京城,東廠,內院。
房間很大,極為曠闊,架子上擺放著瓷器和古玩,都是極為極致的玩意,價值不符。
最深處的床榻上,躺著一道身影。
“可惡的朱鐵膽,居然藏得這么深?”
“該死!”
曹正淳剛服下了調養氣血的丹藥,躺在床榻上,忍不住的暗罵道。
朱無視的突然襲擊,令他這個六十歲的老家伙有些措手不及。
堂堂一個神侯,居然搞偷襲,欺負他這個老同志!
簡直是不講武德!
“不過這個朱鐵膽居然會天池怪俠的吸功大法,難怪他的內力如此渾厚驚人,今日若是干爹及時出現,恐怕自己就要交待到宗人府監獄里面……”

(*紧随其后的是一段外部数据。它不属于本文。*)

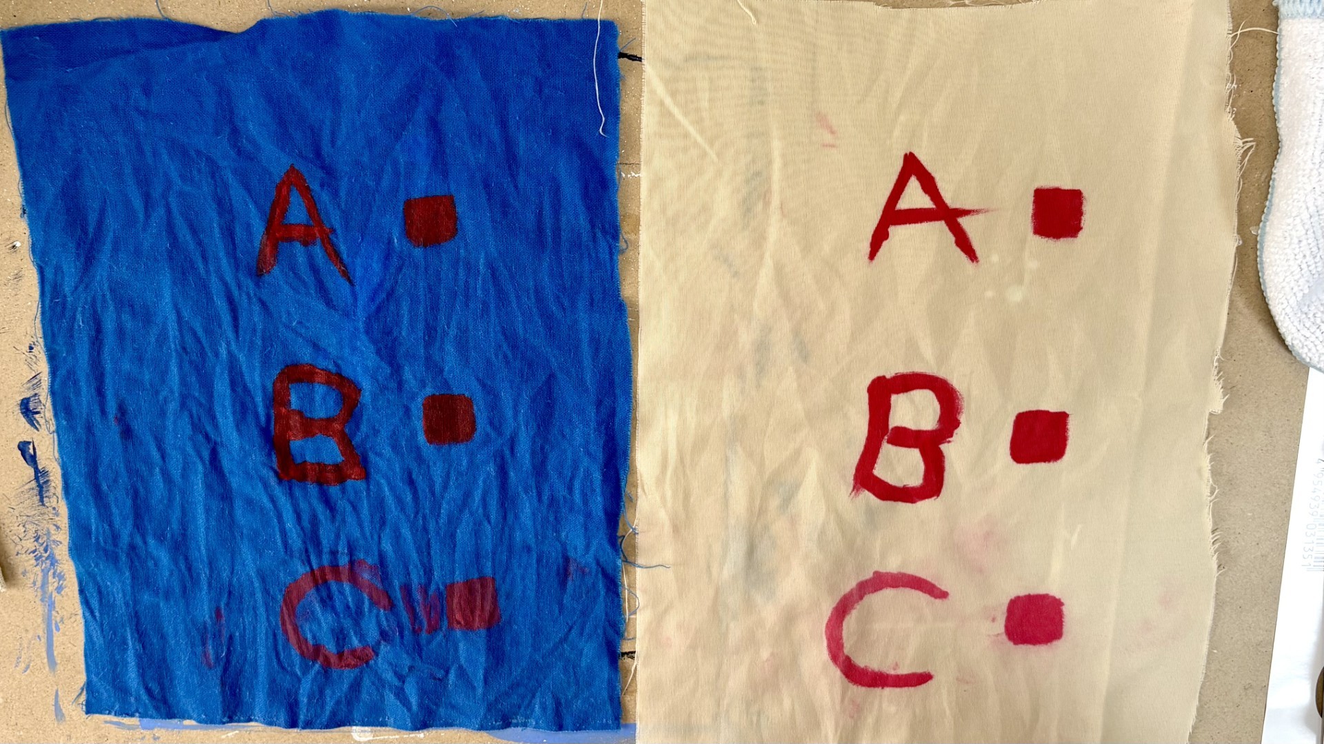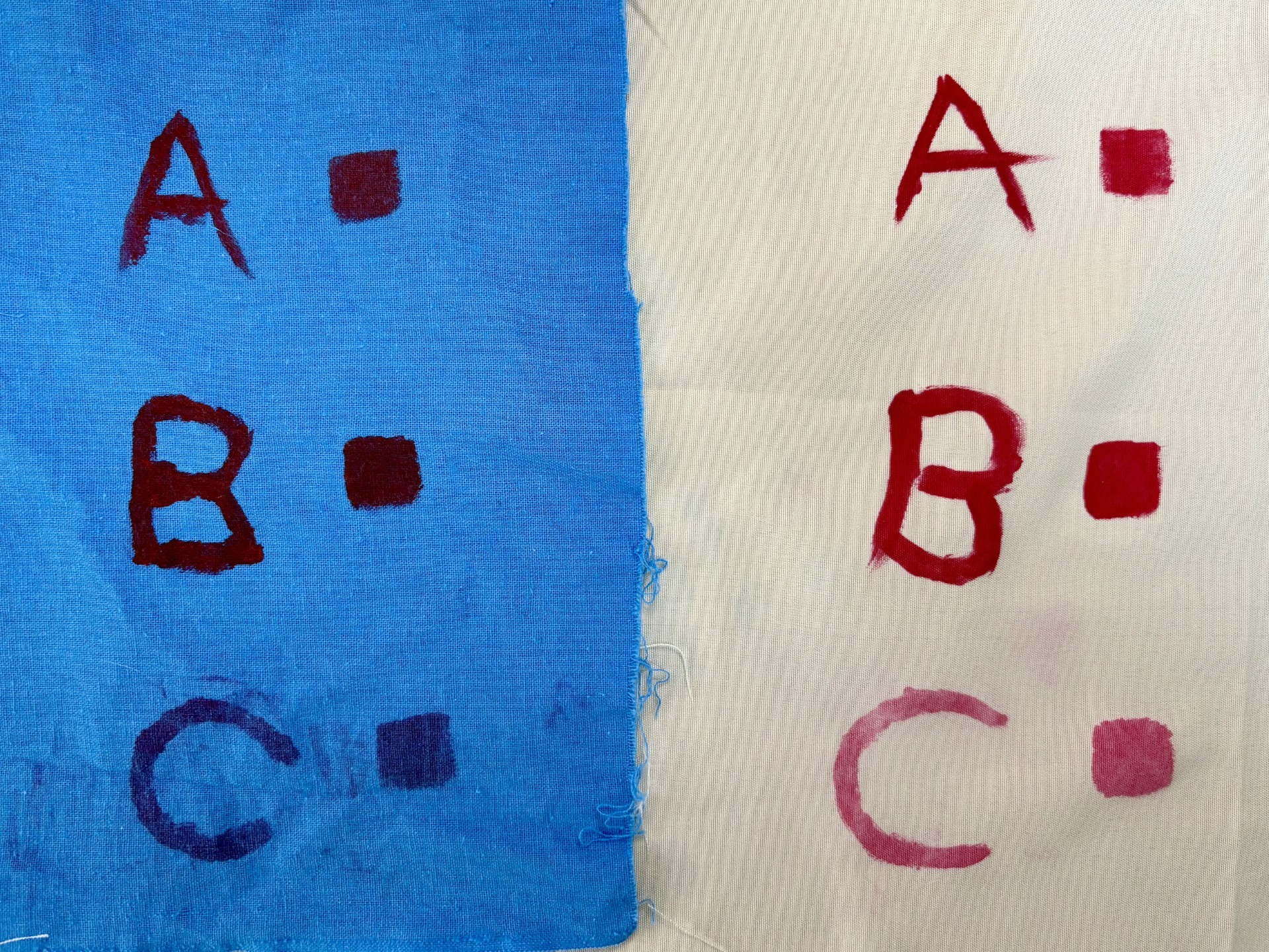 この3種類の絵の具を「綿」と「ポリエステル」それぞれに塗布して、染まり具合を検証します。

曹正淳臉色陰晴不定,道:“不過,朱鐵膽居然逃獄了,好啊!明天朝會上,咱家一定要狠狠參他一本,讓他死無葬身之地。”
“不過,朱鐵膽逃獄了,卷宗就拿不到了。”
“可惡啊!”
“明明就差一點了。”
曹正淳暗罵之時,他沒有注意到,地面上有一道暗黑色的身影,正在逐漸浮凸出來,不知不覺站到了他的身前。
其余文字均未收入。